*** Provided data Section Begins ***

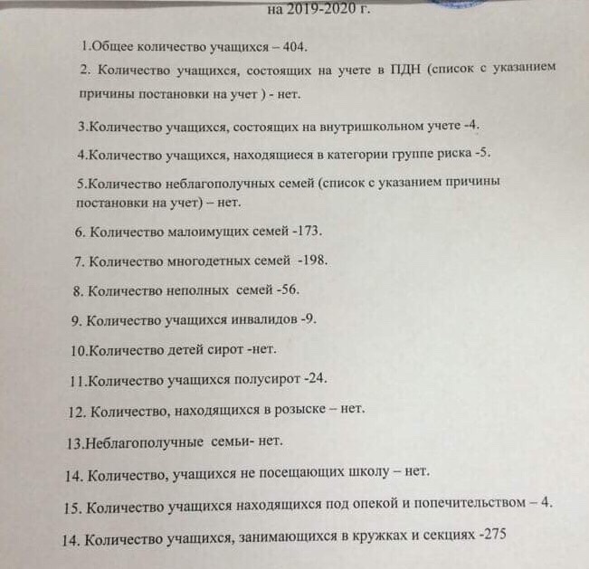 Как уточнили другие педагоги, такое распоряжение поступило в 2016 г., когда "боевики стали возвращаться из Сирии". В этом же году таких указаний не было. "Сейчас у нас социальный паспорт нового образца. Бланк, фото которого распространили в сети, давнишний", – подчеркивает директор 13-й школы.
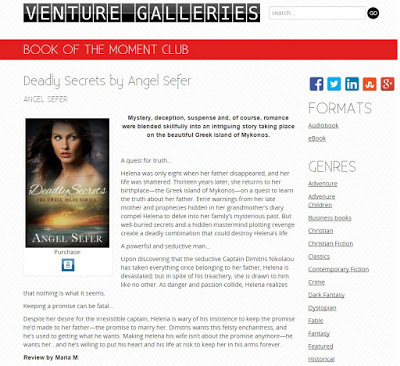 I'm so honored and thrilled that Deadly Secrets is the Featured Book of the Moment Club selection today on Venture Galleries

*** Provided data Section Ends ***
*** Provided data Section Begins ***

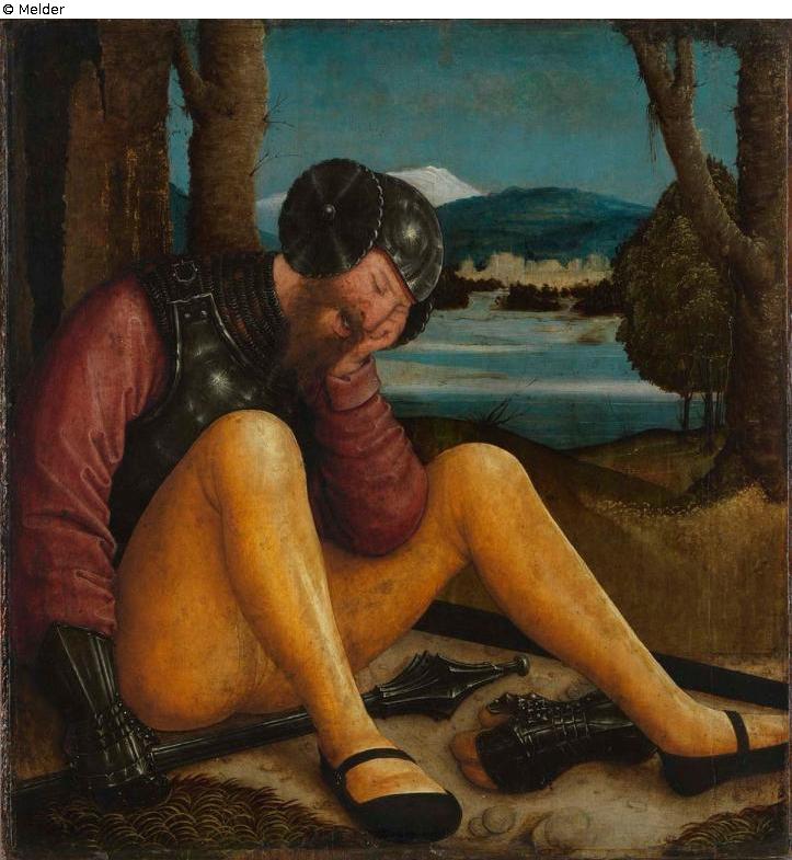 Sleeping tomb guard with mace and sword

*** Provided data Section Ends ***
*** Provided data Section Begins ***

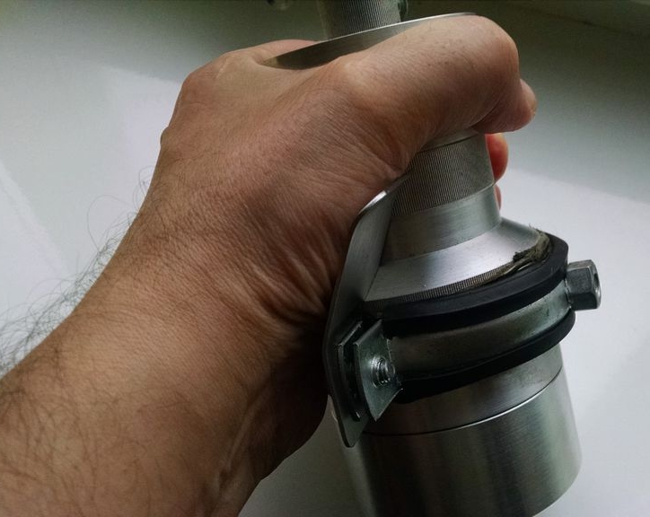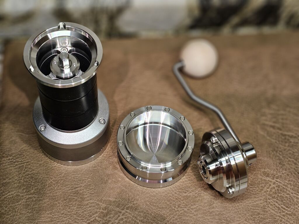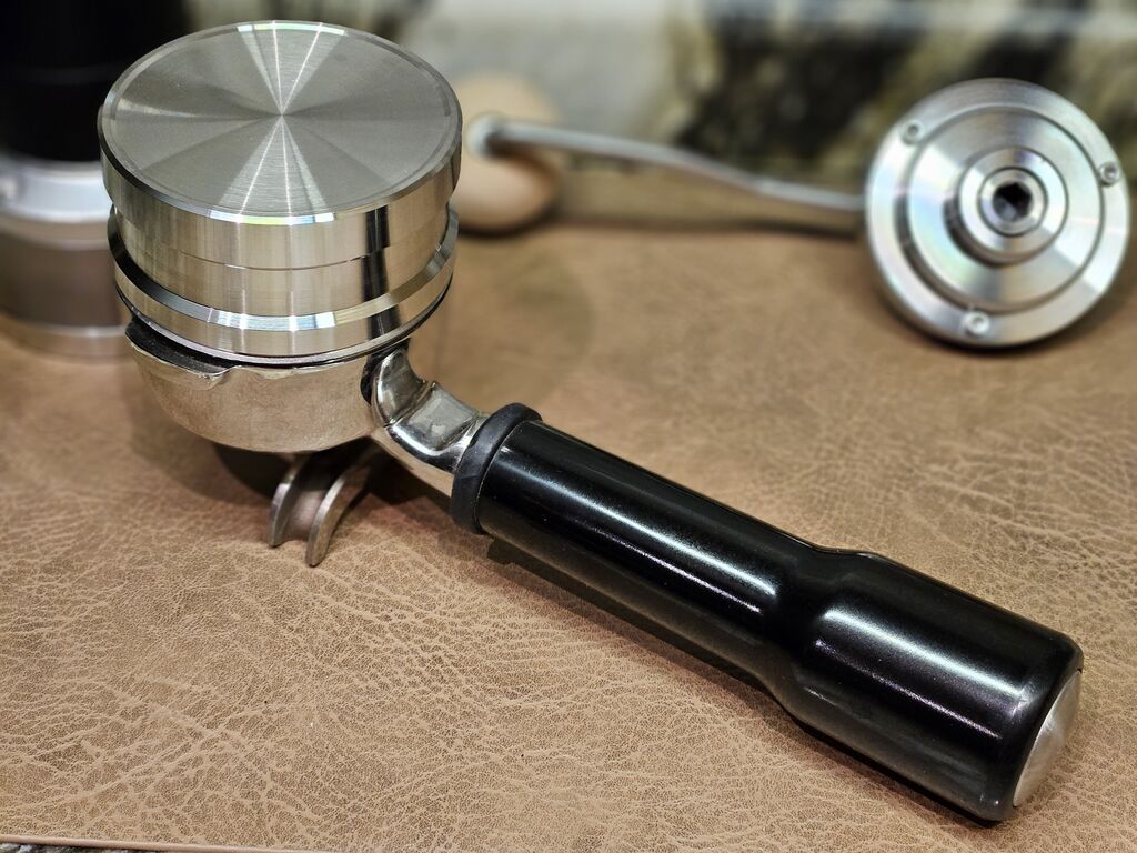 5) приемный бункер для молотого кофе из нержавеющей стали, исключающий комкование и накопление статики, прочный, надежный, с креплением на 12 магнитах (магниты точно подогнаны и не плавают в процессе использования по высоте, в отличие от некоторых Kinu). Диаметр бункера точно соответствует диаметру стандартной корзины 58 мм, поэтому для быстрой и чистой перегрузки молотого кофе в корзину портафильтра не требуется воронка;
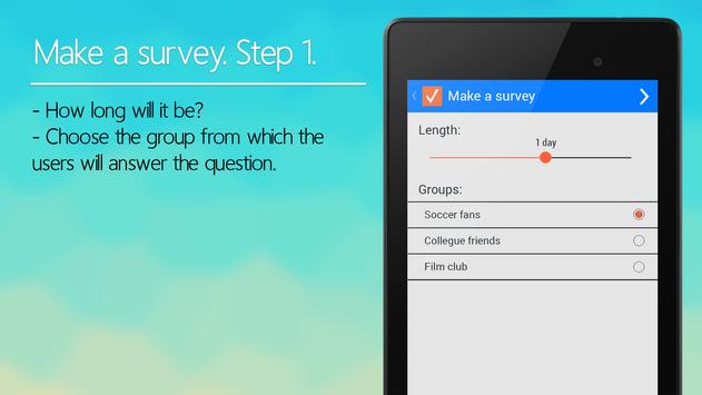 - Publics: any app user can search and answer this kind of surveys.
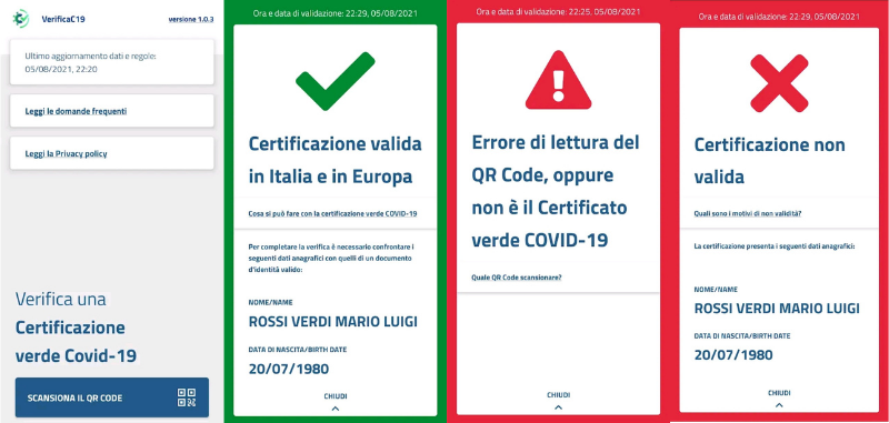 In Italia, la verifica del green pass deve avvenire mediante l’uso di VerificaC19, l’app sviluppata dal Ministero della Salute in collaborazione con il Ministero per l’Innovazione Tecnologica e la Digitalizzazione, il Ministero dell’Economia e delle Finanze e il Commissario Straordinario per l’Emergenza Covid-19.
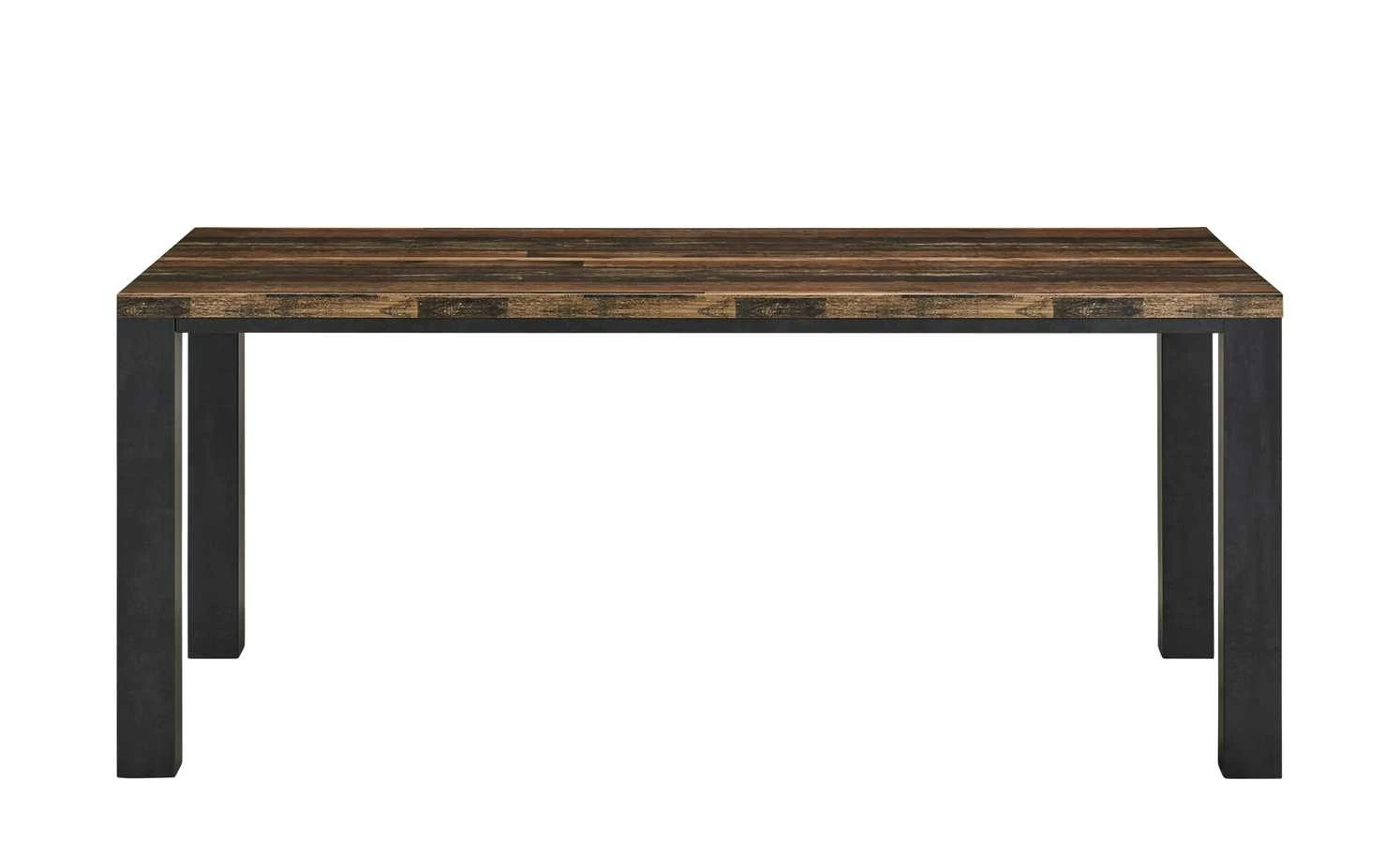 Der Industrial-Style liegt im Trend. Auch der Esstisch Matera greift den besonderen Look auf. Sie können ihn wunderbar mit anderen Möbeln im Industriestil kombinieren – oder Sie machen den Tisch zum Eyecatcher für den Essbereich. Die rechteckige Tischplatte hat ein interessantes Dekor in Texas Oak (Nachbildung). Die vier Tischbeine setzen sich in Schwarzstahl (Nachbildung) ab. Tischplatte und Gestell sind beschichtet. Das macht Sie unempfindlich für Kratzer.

*** Provided data Section Ends ***

Give back exactly the lines of the listing above from the one that contains "5) приемный бункер" up to and including the one that contains "Der Industrial-Style liegt", but not the pictures, and no other lines.

- Answer section
 5) приемный бункер для молотого кофе из нержавеющей стали, исключающий комкование и накопление статики, прочный, надежный, с креплением на 12 магнитах (магниты точно подогнаны и не плавают в процессе использования по высоте, в отличие от некоторых Kinu). Диаметр бункера точно соответствует диаметру стандартной корзины 58 мм, поэтому для быстрой и чистой перегрузки молотого кофе в корзину портафильтра не требуется воронка;
 - Publics: any app user can search and answer this kind of surveys.
 In Italia, la verifica del green pass deve avvenire mediante l’uso di VerificaC19, l’app sviluppata dal Ministero della Salute in collaborazione con il Ministero per l’Innovazione Tecnologica e la Digitalizzazione, il Ministero dell’Economia e delle Finanze e il Commissario Straordinario per l’Emergenza Covid-19.
 Der Industrial-Style liegt im Trend. Auch der Esstisch Matera greift den besonderen Look auf. Sie können ihn wunderbar mit anderen Möbeln im Industriestil kombinieren – oder Sie machen den Tisch zum Eyecatcher für den Essbereich. Die rechteckige Tischplatte hat ein interessantes Dekor in Texas Oak (Nachbildung). Die vier Tischbeine setzen sich in Schwarzstahl (Nachbildung) ab. Tischplatte und Gestell sind beschichtet. Das macht Sie unempfindlich für Kratzer.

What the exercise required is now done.